[Start of section]

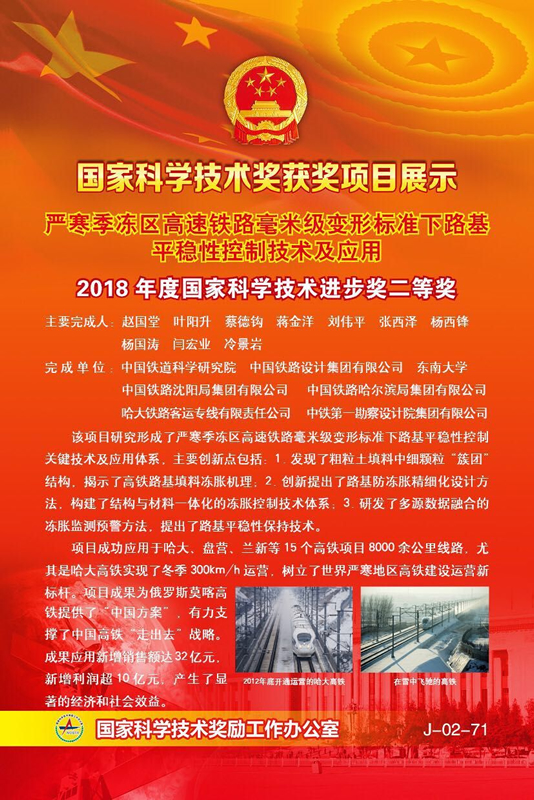 铁科院集团公司主持的“严寒季冻区高速铁路毫米级变形标准下路基平稳性控制技术及应用”,参与的“高速铁路弓网系统运营安全保障成套技术与装备”两个项目荣获2018年度国家科学技术进步奖二等奖。
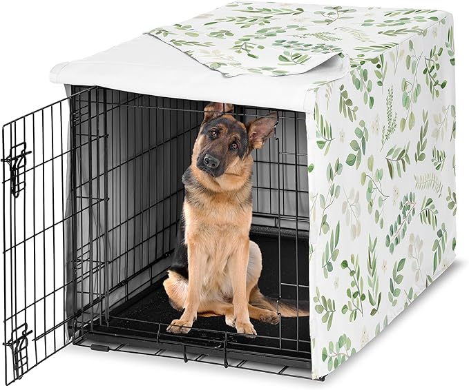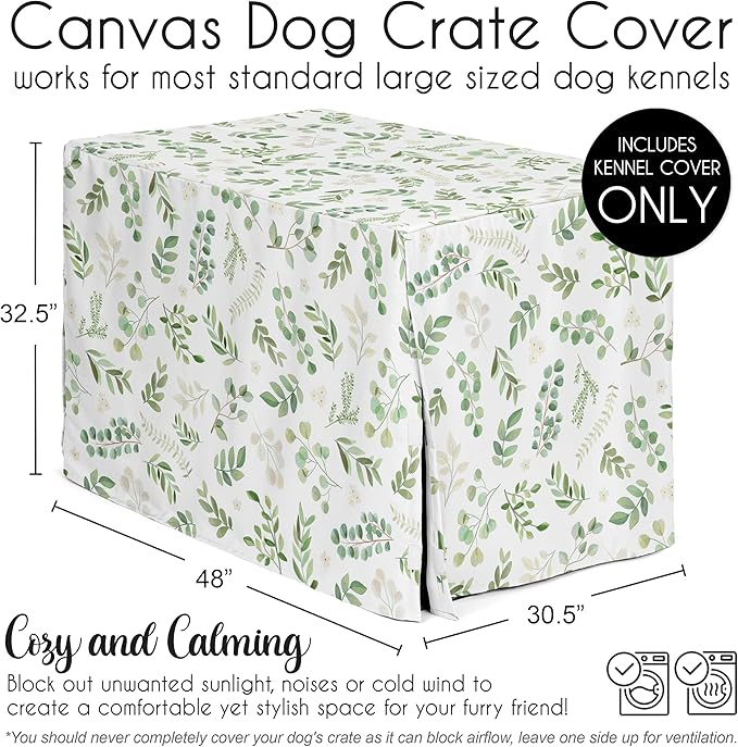Sweet Jojo Designs Green Boho Floral Leaf Dog Crate Cover – Kennel Covers for 48 Inch Pet Cage Large - Neutral Sage White Bohemian Watercolor Botanical Flower Woodland Tropical Garden Nature
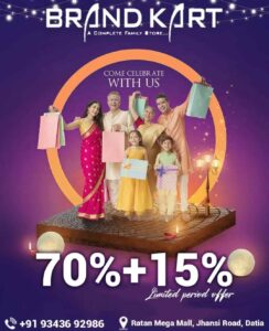 Datia news : दतिया । इस बार दीपावली को खास बनाने के लिए रतन मेगा मॉल के ब्रांडकार्ट पर शोपिंग आफर ग्राहकों को जमकर लुभा रहा है। यहां 70+15 प्रतिशत का डिस्काउंट धमाका मचाए हुए है। जिसे लेकर खरीददारों में भारी उत्साह है। यह डिस्काउंट ब्रांडेड कपड़ों, जूते, ट्राली बेग, साफ्ट टॉय, अंडर गारमेंट्स सहित अन्य ऐसेसरीज पर दिया जा रहा है। रतन मेगा मॉल में शानदार लोकेशन, सेल्फी प्वाइंट और फन, मूवी, चाट चटोरे सहित किड्स जोन के इंजॉय के बीच शॉपिंग करने का लुत्फ शहरवासी खूब उठा रहे हैं।
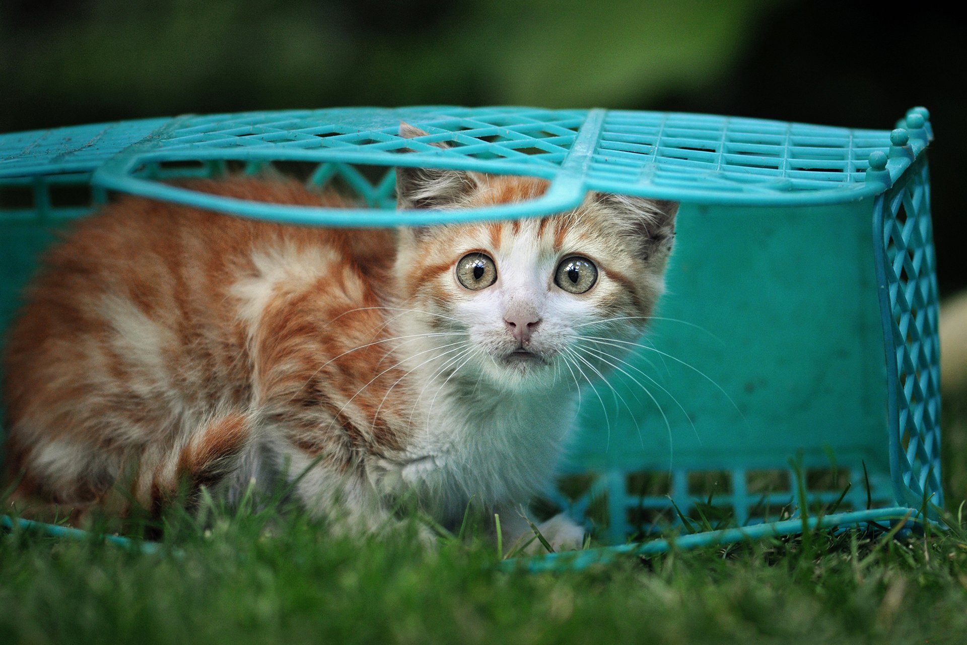 Tags:roux, effrayé, regard, panier, bleu, herbe
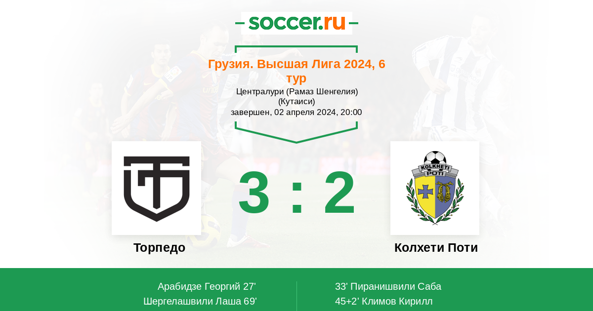Протокол матча Торпедо против Колхети Поти
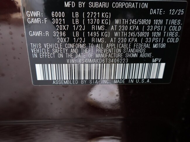 - VIN : 4S4WMAKD6T3406223
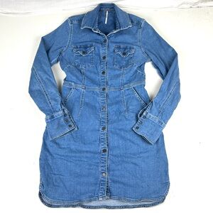 Free People Women’s Blue Denim Mini Dress size Small Cotton Stretch Blend
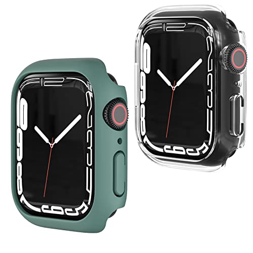 2 Pezzi - Cover per Apple Watch Series 8/7 41mm, Weideworld Anti-graffio Sottile Rigida PC Custodia per Apple Watch Series 8/7 41mm, Trasparente + Verde
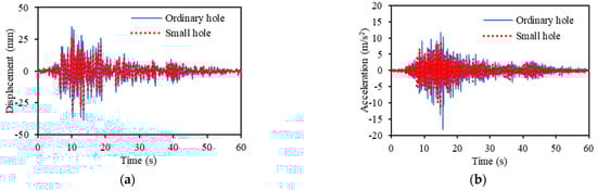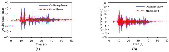 Effect of attenuation hole diameter when excited by EI Centro NS seismic wave. (a) Response displacement. (b) Response acceleration.

[End of section]

For this exercise, the lines from the one containing "2 Pezzi - Cover" through the last line of the entries above are to be output exactly, both included, and pictures are skipped.

 2 Pezzi - Cover per Apple Watch Series 8/7 41mm, Weideworld Anti-graffio Sottile Rigida PC Custodia per Apple Watch Series 8/7 41mm, Trasparente + Verde
 Effect of attenuation hole diameter when excited by EI Centro NS seismic wave. (a) Response displacement. (b) Response acceleration.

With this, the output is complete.